Roche (SIX: RO, ROG; OTCQX: RHHBY) announced that the European Medicines Agency’s Committee for Medicinal Products for Human Use (CHMP) has recommended the approval of subcutaneous (SC) Tecentriq® (atezolizumab). Tecentriq SC would be the first injectable PD-(L)1 cancer immunotherapy in the EU, potentially cutting treatment time by approximately 80%. The recommendation is based on pivotal data from the Phase IB/III IMscin001 study, which showed comparable levels of Tecentriq in the blood when administered subcutaneously, and a safety and efficacy profile consistent with the IV formulation. The SC formulation is recommended for all indications in which Tecentriq IV has been previously approved, including certain types of lung, liver, bladder, and breast cancer. The subcutaneous administration offers a faster and more convenient alternative to IV infusion, potentially freeing up time for patients, healthcare teams, and caregivers. Tecentriq SC recently received its first marketing authorization in Great Britain and was developed to provide patients with an alternative to the IV administration of Tecentriq and the potential for treatment outside of the hospital setting.

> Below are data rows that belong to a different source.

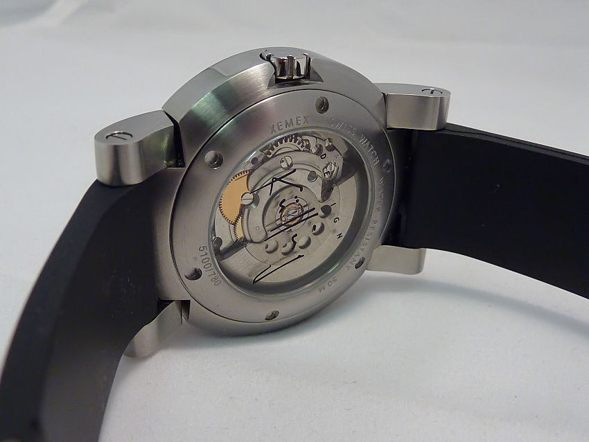 Note the well proven ETA 2836-2 Swiss movement which has a Xemex modified drilled rotor. Interestingly the watch is signed by the designer “inside” the exhibition glass back.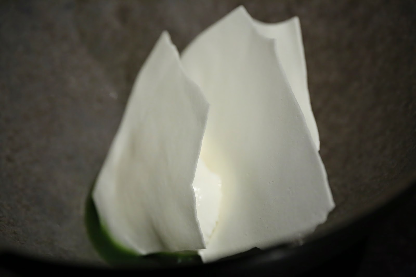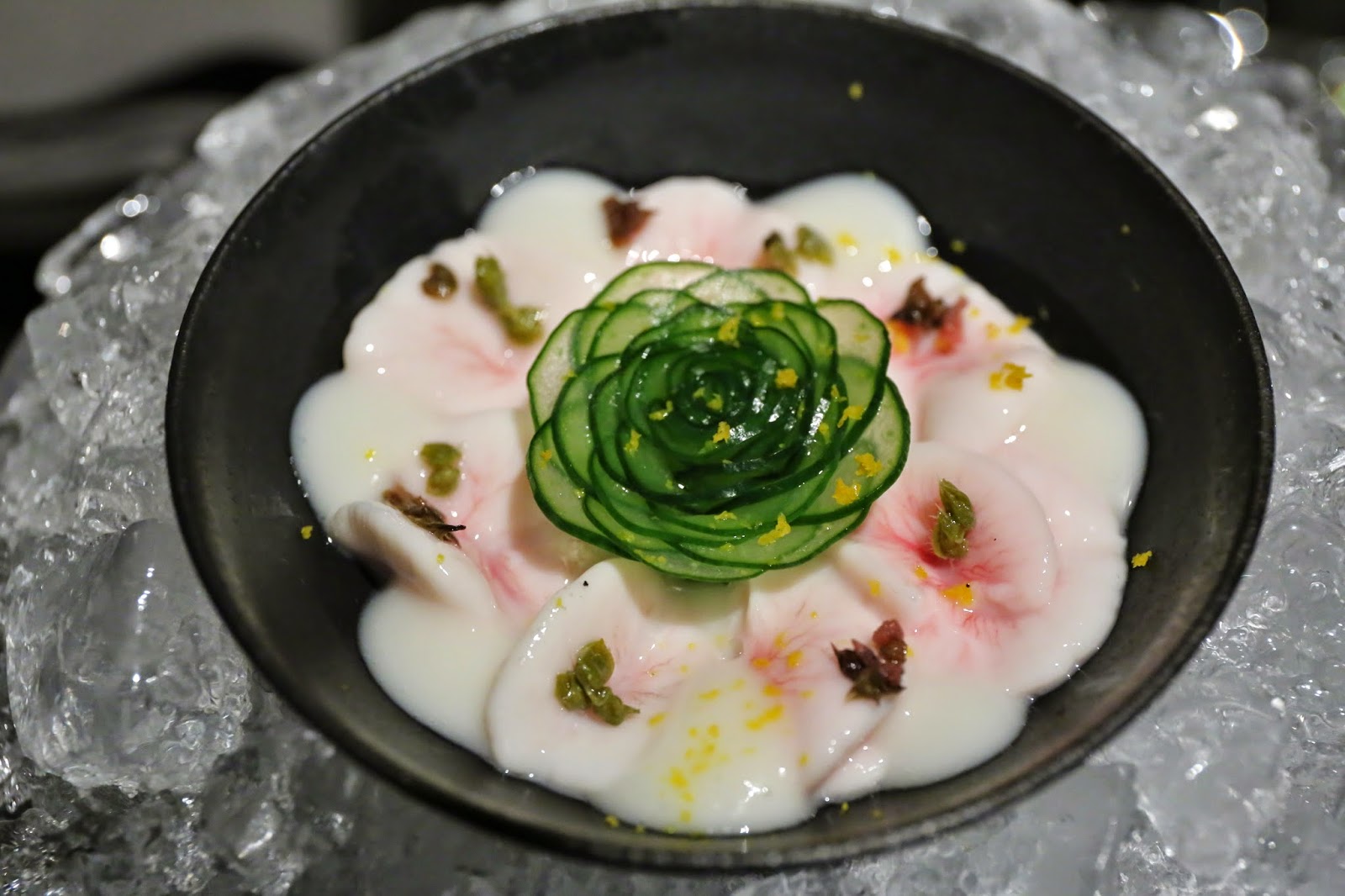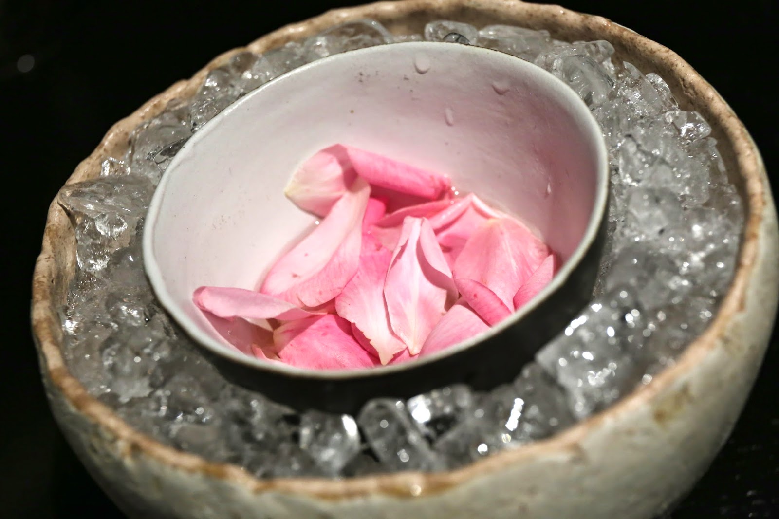 Served with a "dashi (出汁)" of rose oil and rose petals. I'm not quite getting this part... Maybe this is meant to balance out or dilute the strong, salty, umami, and slightly nutty flavors of the fermented squid, since the act of dipping the squid in the dashi meant some of the fermented sauce is washed off? The dashi itself was pretty weak, and one really needed to chew on the rose petals to get something out of them.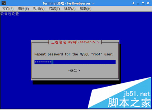 打開"終端窗口",輸入"sudo apt-get install mysql-server mysql-client"-->回車-->輸入"y"-->回車-->在"軟件包設(shè)置對(duì)話框"中輸入mysql中"root"用戶的密碼-->回車-->再輸一次密碼-->回車,安裝完成。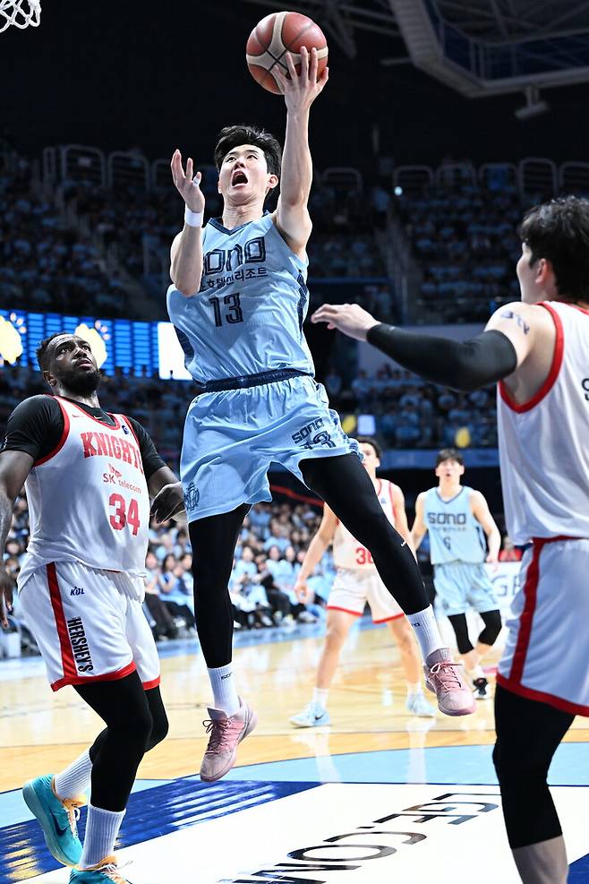 이정현(188cm, G), 케빈 켐바오(195cm, F), 네이던 나이트(202cm, C)로 이어지는 삼각편대의 위력은 여전했다. 그러나 이번 시리즈에서 눈에 띈 건 벤치 자원들의 활약이다. 소노는 시즌 내내 약점으로 지적됐던 부분을 지워갔다.

The CHMP's positive opinion brings Roche a step closer to offering the first subcutaneous PD-L1 cancer immunotherapy treatment to patients in the EU.

Roche (SIX: RO, ROG; OTCQX: RHHBY) announced that its Elecsys® Neurofilament Light Chain (NfL) test for Multiple Sclerosis (MS) received Breakthrough Device Designation from the U.S. Food and Drug Administration (FDA). The test aids in detection of disease activity in adults with MS, offering a minimally invasive testing option with the potential to provide patient insights for other neurological conditions. This supports better disease management decisions and addresses significant gaps in access to testing.

Roche announces topline results from the Phase 3 EMBARK study of Elevidys in boys with Duchenne muscular dystrophy aged 4-7 years. Elevidys-treated patients showed improvement in motor function compared to placebo, with statistically significant treatment benefits observed in secondary functional endpoints. No new safety signals were observed. Further evaluation of data is ongoing.

The FDA has approved Vabysmo for the treatment of macular edema following retinal vein occlusion. Vabysmo is the first and only bispecific antibody approved for the eye. The approval is based on positive results from Phase III studies showing early and sustained vision improvements. Vabysmo also demonstrated rapid and robust drying of retinal fluid. Safety results were consistent with previous trials.